Buonasera a tutti, volevo solo dare una risposta al quesito sull'uso e il significato dell'espressione "pezzi e bocconi".
Al di là dell'assonanza fonetica delle due parole col significato che uno presume di potergli dare, Pezzi e Bocconi era il nome di un negozio di Roma, attivo almeno fino ai primi del '900, dove si vendeva di tutto un pò, soprattutto oggettistica sacra e per la casa.
Spero di essere stato utile.


----------



## iaiax

Curioso che derivi dal nome di quel negozio.
Qui a Milano "spizzichi e bocconi" da alcuni anni si usa molto, ma a me non piace, non mi entra nell'orecchio.


----------



## Tekiletta

liz.nicole said:


> cari foreri,
> 
> che vuol dire l'espressione "a spizzichi e bocconi"??  e' una cosa toscana?
> 
> grazie mille



La frase "a spizzichi e bocconi" è romana. Nasce dalla trasposizione in concetto di un negozio esistente a  Roma di lato a Palazzo Chigi (piazza del Tritone) la cui ragione sociale era Spizzichi&Bocconi. Carattewristica di questo negozio - siamo alla fine del XIX secolo - era di vendere la loro merce, non ricordo quale fosse, a piccole rate. Rate che allora erano del tutto sconosciute e comunque non praticate su scala "industriale" come poi è avvenuto dagli anni '50 in poi della seconda metà del secolo scorso sino ai nostri giorni, rate che sono oggi allla base dello scompiglio economico industriale "grazie" soprattutto ai nativi dell'America del Nord. 
Se non è così dovesse essere sarebbe comunque ben costruita, fermo restante che il negozio Spizzichi&Bocconi nel cuore del Centro storico di Roma è realmente esistito.
Tekiletta (dalla Città eterna)


----------



## Hermocrates

ANDIPAS said:


> Pezzi e Bocconi era il nome di un negozio di Roma, attivo almeno fino ai primi del '900, dove si vendeva di tutto un pò, soprattutto oggettistica sacra e per la casa.





Tekiletta said:


> La frase "a spizzichi e bocconi" è romana. Nasce dalla trasposizione in concetto di un negozio esistente a  Roma di lato a Palazzo Chigi (piazza del Tritone) la cui ragione sociale era Spizzichi&Bocconi. Carattewristica di questo negozio - siamo alla fine del XIX secolo - era di vendere la loro merce, non ricordo quale fosse, a piccole rate.
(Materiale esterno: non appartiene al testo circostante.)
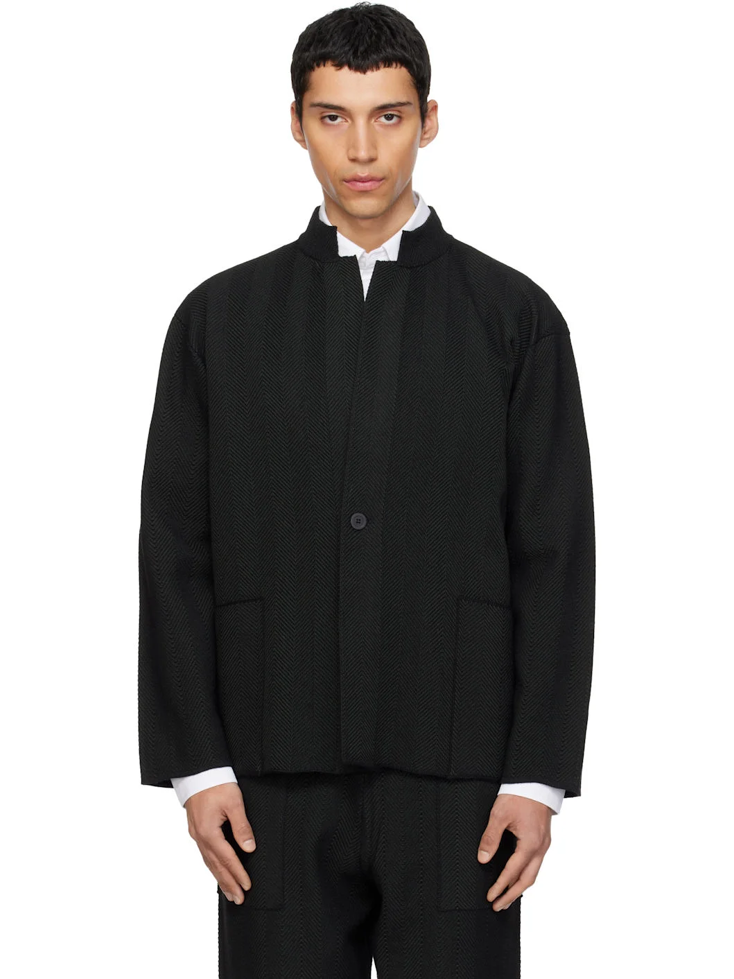 Textured knit jacket. · Herringbone pattern throughout · Stand collar · Single-button closure · Patch pockets at waist · Central vent at back hem Supplier color: Black 100% polyester. Made in Japan 261729M180012

Mi viene solo un piccolo dubbio. Ma non potrebbe essere che il nome del negozio (come spesso avviene) sia stato scelto basandosi su un modo di dire già esistente? (magari solo locale, poi divenuto più diffuso, incrociando la sua fortuna alla fama del negozio?)

(L'unica, nel caso, sarebbe trovare qualche attestazione dell'espressione antecedente alla fondazione del negozio...)


----------



## agami

Per uno che lavora o mangia il meno possibile a Roma si usa anche "a scappa e fuggi"


----------



## Tekiletta

agami said:


> Per uno che lavora o mangia il meno possibile a Roma si usa anche "a scappa e fuggi"




E' probabile, ma penso che non  stesse ad indicare una novità, che allora muoveva i primi timidi passi verso quello che negli anni del dopoguerra ebbe una grande siffusione:  comprare a rate, possibilmente a piccole rate.
Tekiletta


----------



## Tekiletta

Hermocrates said:


> Mi viene solo un piccolo dubbio. Ma non potrebbe essere che il nome del negozio (come spesso avviene) sia stato scelto basandosi su un modo di dire già esistente? (magari solo locale, poi divenuto più diffuso, incrociando la sua fortuna alla fama del negozio?)
> 
> (L'unica, nel caso, sarebbe trovare qualche attestazione dell'espressione antecedente alla fondazione del negozio...)




Forse poteva essere "Pezzi&Bocconi", tuttavia da lì è partita l'espressione ancora oggi usata, stranamente conosciuta (sapessi quante espressioni degli anni '50 sono andate perse o se citate non sono conosciute nel significato dalle generazioni successive) anche se non in larga scala anche dai giovani, che probabilmente l'hanno appresa nelle espressioni dei loro genitori o dei "grandi" quando erano ancora fanciulli
Tekiletta


----------